• _Required work_:
What is needed is a word-for-word copy of the lines below from the one with "以衛浴而言,純淨逸寬家庭套房" through the one with "SILVER LONG DRESS IN LACE", both included, with every picture left out.

• _Available records_:
-*-

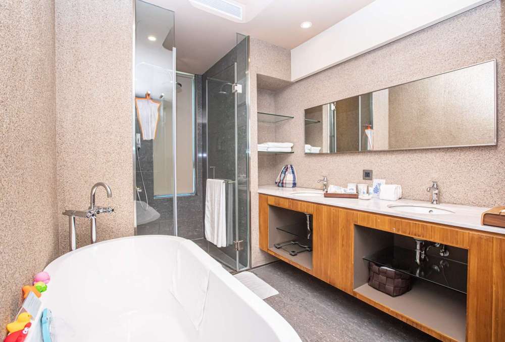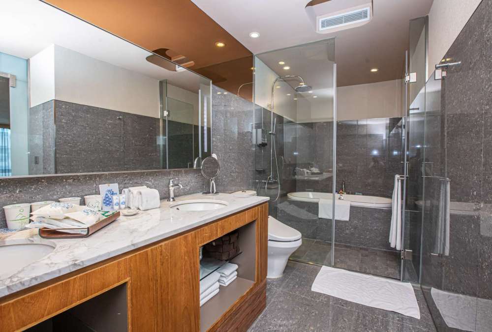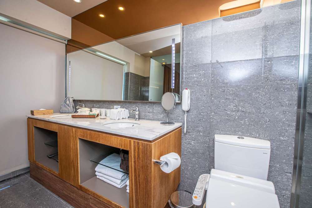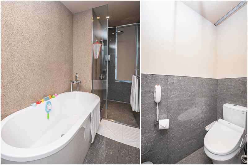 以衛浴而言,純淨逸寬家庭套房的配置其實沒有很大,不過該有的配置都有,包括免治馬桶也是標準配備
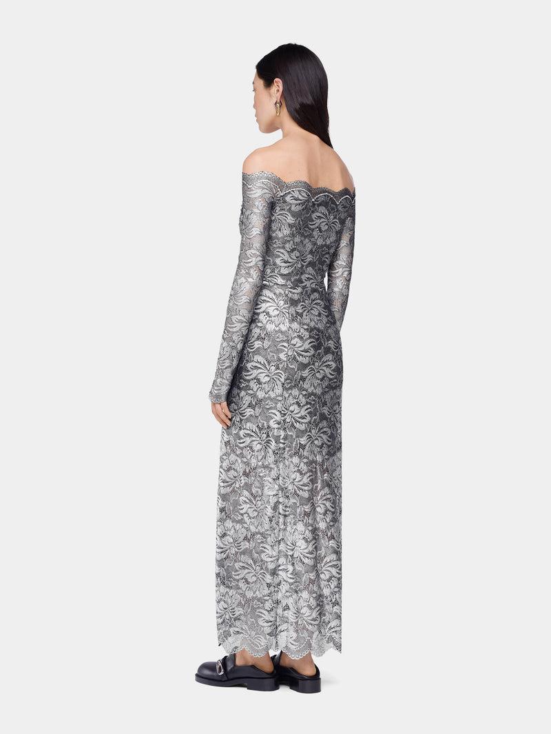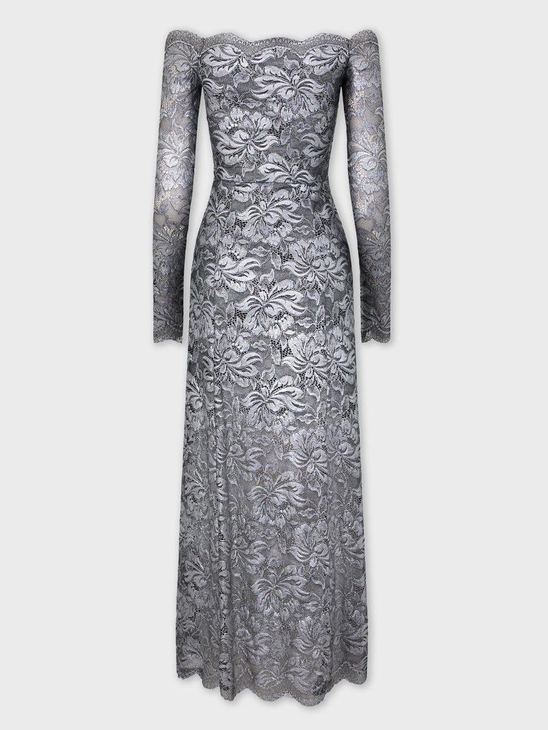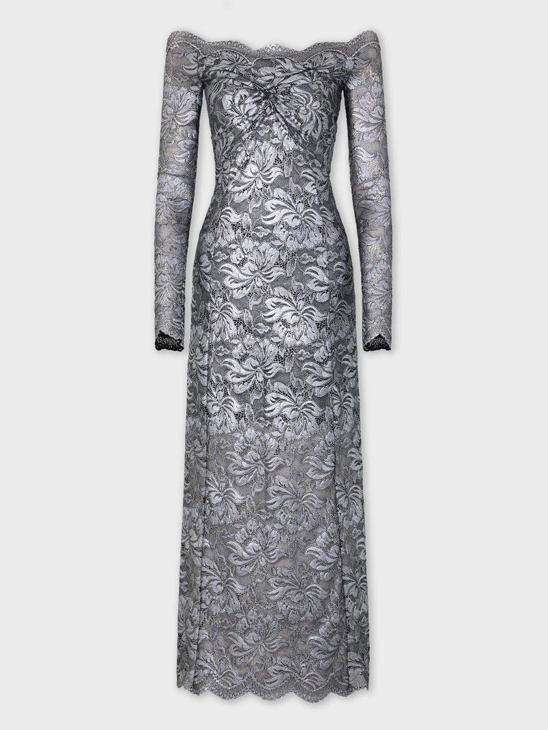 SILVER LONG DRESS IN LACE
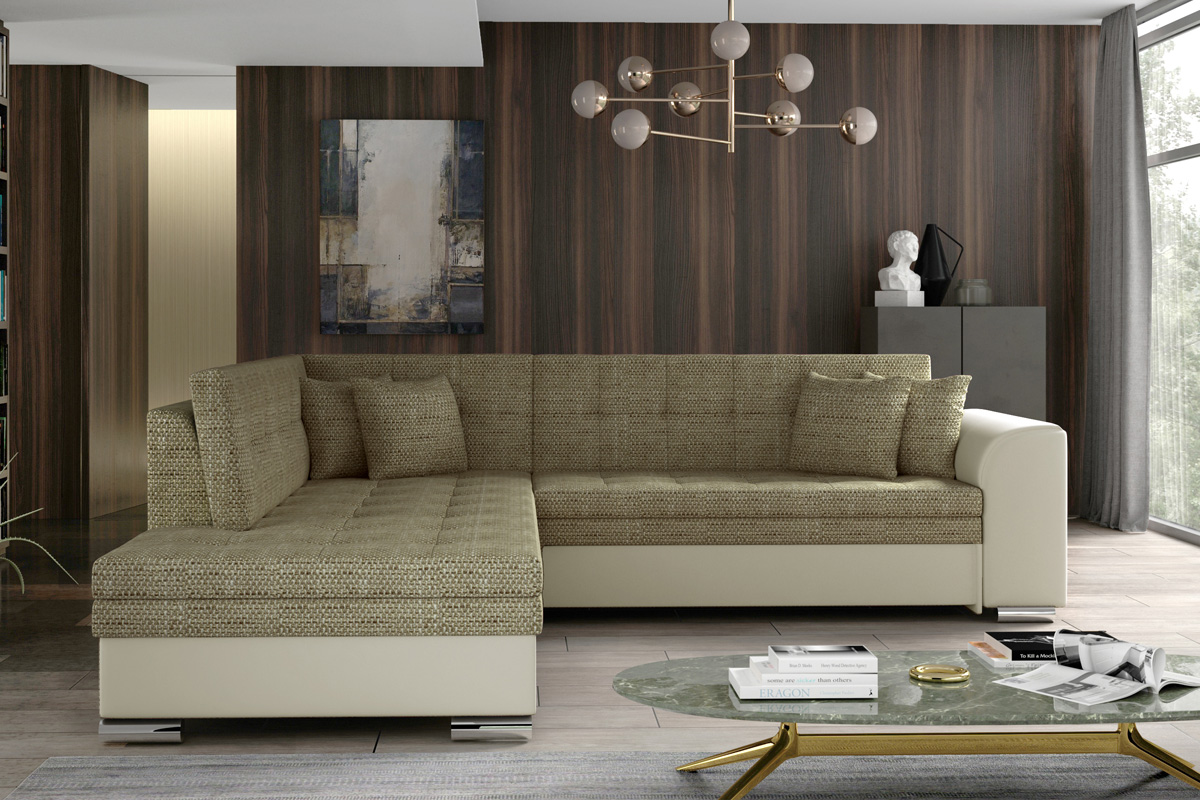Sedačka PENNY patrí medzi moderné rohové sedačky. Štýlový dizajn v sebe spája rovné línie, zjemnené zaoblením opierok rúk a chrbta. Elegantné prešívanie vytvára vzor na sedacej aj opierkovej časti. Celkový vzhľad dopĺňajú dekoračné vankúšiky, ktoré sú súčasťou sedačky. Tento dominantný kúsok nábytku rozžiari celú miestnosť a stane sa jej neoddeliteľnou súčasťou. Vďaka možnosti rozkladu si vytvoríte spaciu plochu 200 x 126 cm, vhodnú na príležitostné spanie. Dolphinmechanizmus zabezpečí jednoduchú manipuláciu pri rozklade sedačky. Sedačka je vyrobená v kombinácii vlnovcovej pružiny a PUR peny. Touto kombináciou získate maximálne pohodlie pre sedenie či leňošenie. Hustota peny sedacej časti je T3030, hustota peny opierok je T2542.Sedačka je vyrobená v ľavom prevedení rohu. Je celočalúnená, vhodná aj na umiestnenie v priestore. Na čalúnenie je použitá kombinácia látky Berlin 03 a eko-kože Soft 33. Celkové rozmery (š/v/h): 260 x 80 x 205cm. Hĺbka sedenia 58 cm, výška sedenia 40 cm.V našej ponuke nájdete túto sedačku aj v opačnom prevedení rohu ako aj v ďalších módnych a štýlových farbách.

-*-

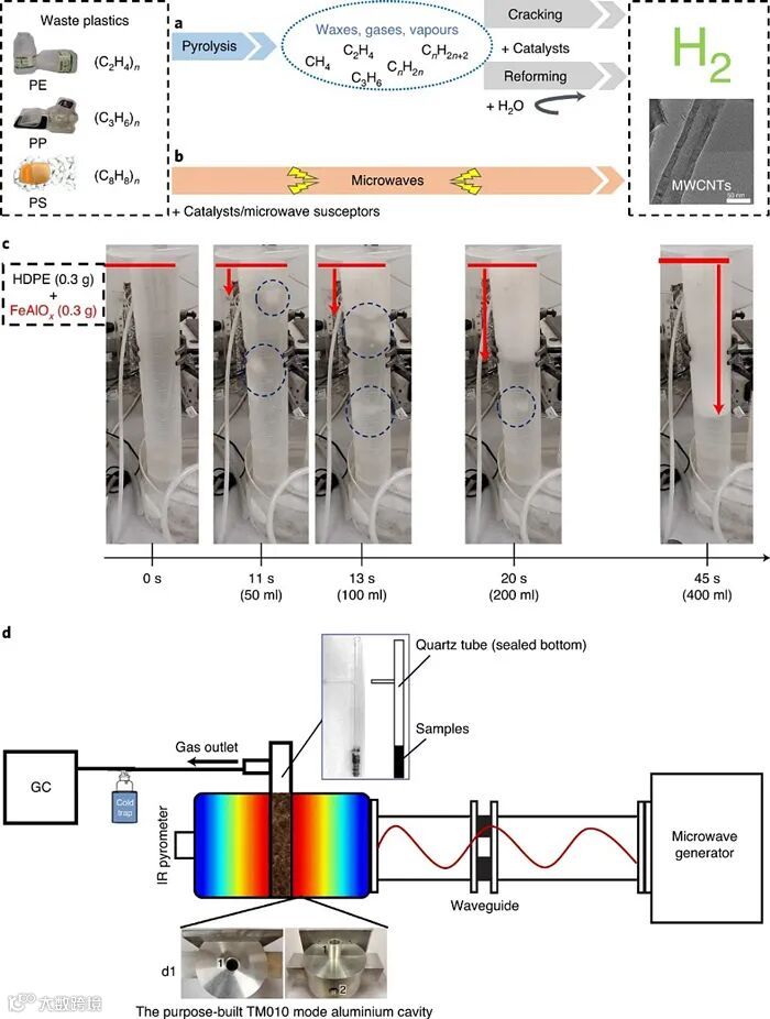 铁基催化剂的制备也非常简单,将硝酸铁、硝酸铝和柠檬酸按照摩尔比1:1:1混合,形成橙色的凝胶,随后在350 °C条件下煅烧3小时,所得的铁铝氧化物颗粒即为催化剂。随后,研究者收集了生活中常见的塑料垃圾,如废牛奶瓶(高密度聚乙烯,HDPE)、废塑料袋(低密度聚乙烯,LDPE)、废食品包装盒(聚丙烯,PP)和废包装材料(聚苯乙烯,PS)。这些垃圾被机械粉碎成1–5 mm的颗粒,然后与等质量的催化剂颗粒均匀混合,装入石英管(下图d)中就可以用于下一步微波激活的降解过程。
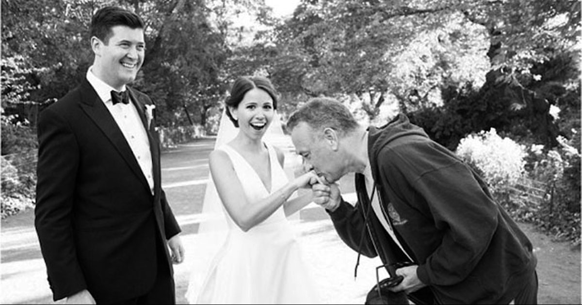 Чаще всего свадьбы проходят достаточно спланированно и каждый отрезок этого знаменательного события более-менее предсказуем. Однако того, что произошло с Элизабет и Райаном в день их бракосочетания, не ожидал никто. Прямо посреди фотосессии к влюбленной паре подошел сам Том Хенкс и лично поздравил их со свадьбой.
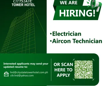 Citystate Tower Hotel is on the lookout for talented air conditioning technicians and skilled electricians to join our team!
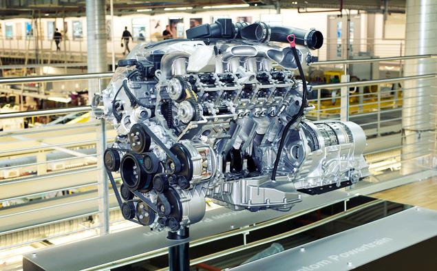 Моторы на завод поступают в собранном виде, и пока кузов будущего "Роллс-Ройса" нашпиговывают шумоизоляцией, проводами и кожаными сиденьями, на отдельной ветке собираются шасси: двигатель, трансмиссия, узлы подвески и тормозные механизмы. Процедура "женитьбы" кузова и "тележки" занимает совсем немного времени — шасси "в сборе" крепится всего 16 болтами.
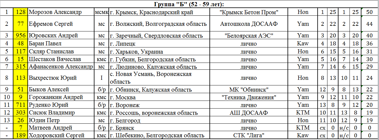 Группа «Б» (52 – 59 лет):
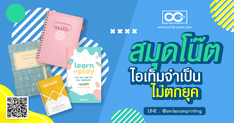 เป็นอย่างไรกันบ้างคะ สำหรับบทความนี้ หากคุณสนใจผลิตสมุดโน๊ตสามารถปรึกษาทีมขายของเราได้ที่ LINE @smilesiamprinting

-*-

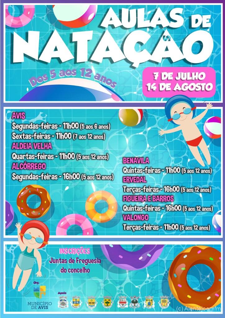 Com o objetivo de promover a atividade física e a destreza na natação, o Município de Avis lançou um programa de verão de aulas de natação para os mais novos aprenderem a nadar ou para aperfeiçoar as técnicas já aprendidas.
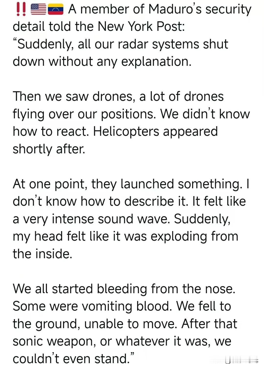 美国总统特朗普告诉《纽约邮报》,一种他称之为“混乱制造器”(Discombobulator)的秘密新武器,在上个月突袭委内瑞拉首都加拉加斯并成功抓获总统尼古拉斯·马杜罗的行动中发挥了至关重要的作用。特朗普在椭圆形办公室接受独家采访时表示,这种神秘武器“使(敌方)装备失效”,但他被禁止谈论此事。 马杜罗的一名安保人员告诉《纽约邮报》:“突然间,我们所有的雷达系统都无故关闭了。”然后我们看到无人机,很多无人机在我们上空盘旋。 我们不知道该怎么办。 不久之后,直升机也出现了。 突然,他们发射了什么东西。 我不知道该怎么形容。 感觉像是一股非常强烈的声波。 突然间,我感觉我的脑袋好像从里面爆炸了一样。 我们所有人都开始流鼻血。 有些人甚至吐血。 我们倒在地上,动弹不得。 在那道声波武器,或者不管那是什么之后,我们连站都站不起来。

-*-

• _Solution to this problem_:
 以衛浴而言,純淨逸寬家庭套房的配置其實沒有很大,不過該有的配置都有,包括免治馬桶也是標準配備
 SILVER LONG DRESS IN LACE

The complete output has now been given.